A recent memo by the United States Department of Justice that appeared designed to try to immediately knock the New Hampshire Lottery out of the battle over limitations on legal sports betting failed in federal court on Thursday.
Judge Paul Barbadoro of New Hampshire, after listening to four hours of oral argument, denied the DOJ’s motion to dismiss the lottery’s lawsuit over alleged “lack of standing.” In fact, he poured cold water on the idea in the first 10 minutes of the proceeding.
And perhaps in recognition that there are vague echoes here of another vaguely-worded federal law that led to New Jersey’s victorious sports betting battle at the nation’s highest court last year, the judge noted: “I have a strong feeling that however I resolve the case, or however the First Circuit resolves the case, it is likely going to be resolved by the U.S. Supreme Court either way.”
That comment had the gaming industry buzzing.
Wowza prediction from Judge Barbardo in Wire Act case — “I have a strong feeling that however I resolve the case, or however the First Circuit resolves the case, it is likely going to be resolved by the US Supreme Court either way.”
— John A Pappas (@yanni_dc) April 11, 2019
Meanwhile, an attorney for the Michigan Attorney General’s office was rebuffed in a longshot bid seeking a ruling that flatly declares that the 1961 Wire Act only applies to sports betting.

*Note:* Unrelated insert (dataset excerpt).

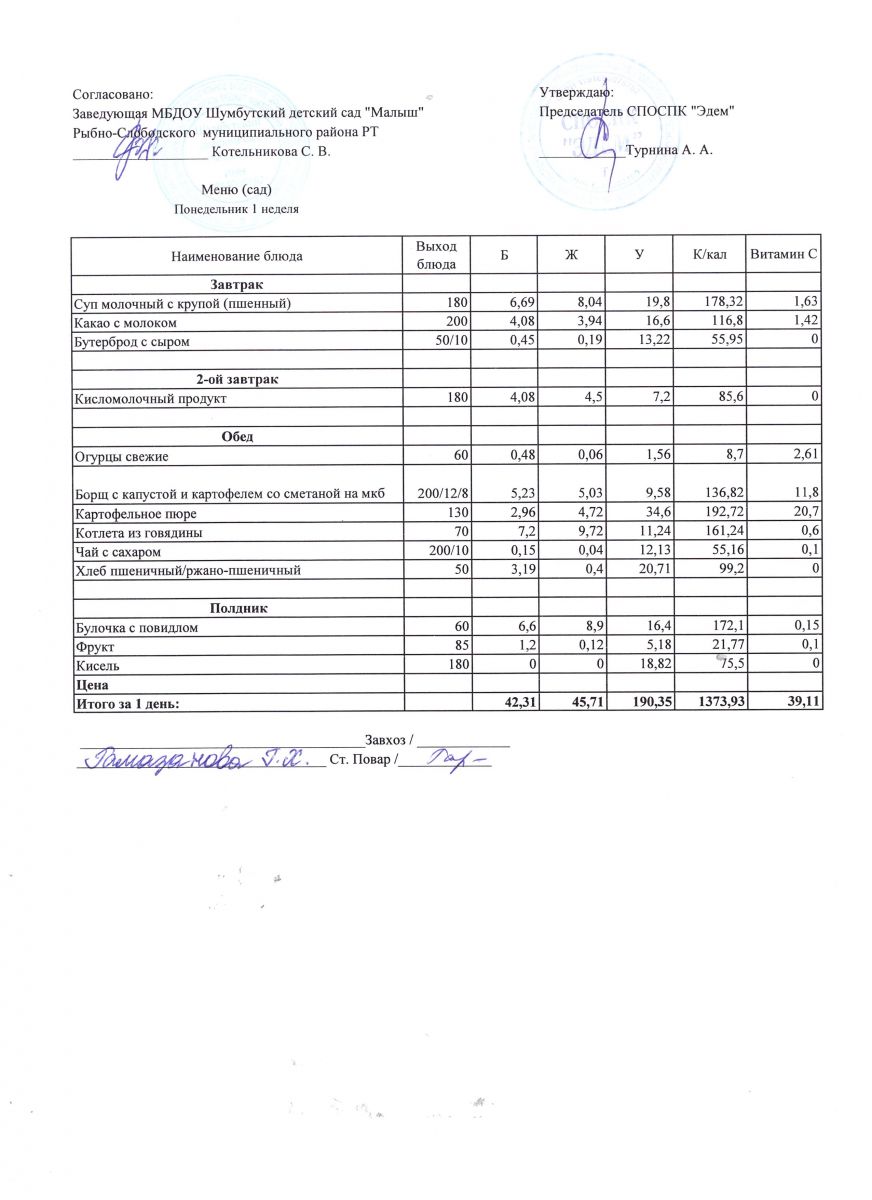 В меню представлены разнообразные блюда. Таким образом, детям обеспечено полноценное сбалансированное питание.

The judge indicated that his ruling would stay within the bounds of the First Circuit, whatever that ruling may be.
That was enough to make former New Jersey state Senator Ray Lesniak celebrate, in the sense that he has been urging his state’s officials not to wait and hope for a national edict from the New Hampshire court. (But our sense that the supplemental memo gambit might pay off for DOJ did not happen – not yet, anyway.)
The case of the mysterious memo
Much of the discussion centered on that memo that was sent by DOJ to federal prosecutors on Monday. The memo by Deputy U.S. Attorney General Rod Rosenstein directed those prosecutors to refrain from including lotteries as possible targets due to a controversial reinterpretation of the Wire Act made by the DOJ in January.
The lotteries and their business partners instead were supposed to be treated as if they are authorized, pending possible further investigation, Rosenstein said.
“If the Department determines that the Wire Act does apply to state lotteries and their vendors, then Department of Justice attorneys should extend the forbearance period for 90 days after the department publicly announces this position,” Rosenstein said
In light of that memo, DOJ attorneys argued that there was no threat of prosecution that would require judicial review.
“Because Plaintiffs do not have a current credible fear of prosecution, Plaintiffs lack standing to challenge [DOJ’s] interpretation of the Wire Act,” read part of the 32-page filing. “Any challenge is premature.”
Instead, Barbadoro focused his attention on that January Opinion that upended a 2011 DOJ interpretation that had clarified that the Wire Act applied only to sports betting. That seemed to leave multi-state lotteries and online poker compacts in the clear, and erase concerns about legal intrastate online sports betting in states such as New Jersey.
An industry in limbo
But the rather confusing new interpretation – of a rather confusing 58-year-old federal law – has produced nationwide agita within the U.S. legal gambling industry (except for horse racing, which has decades of separation from other types of gambling, which was true even in the case of the now-voided Professional and Amateur Sports Protection Act of 1992.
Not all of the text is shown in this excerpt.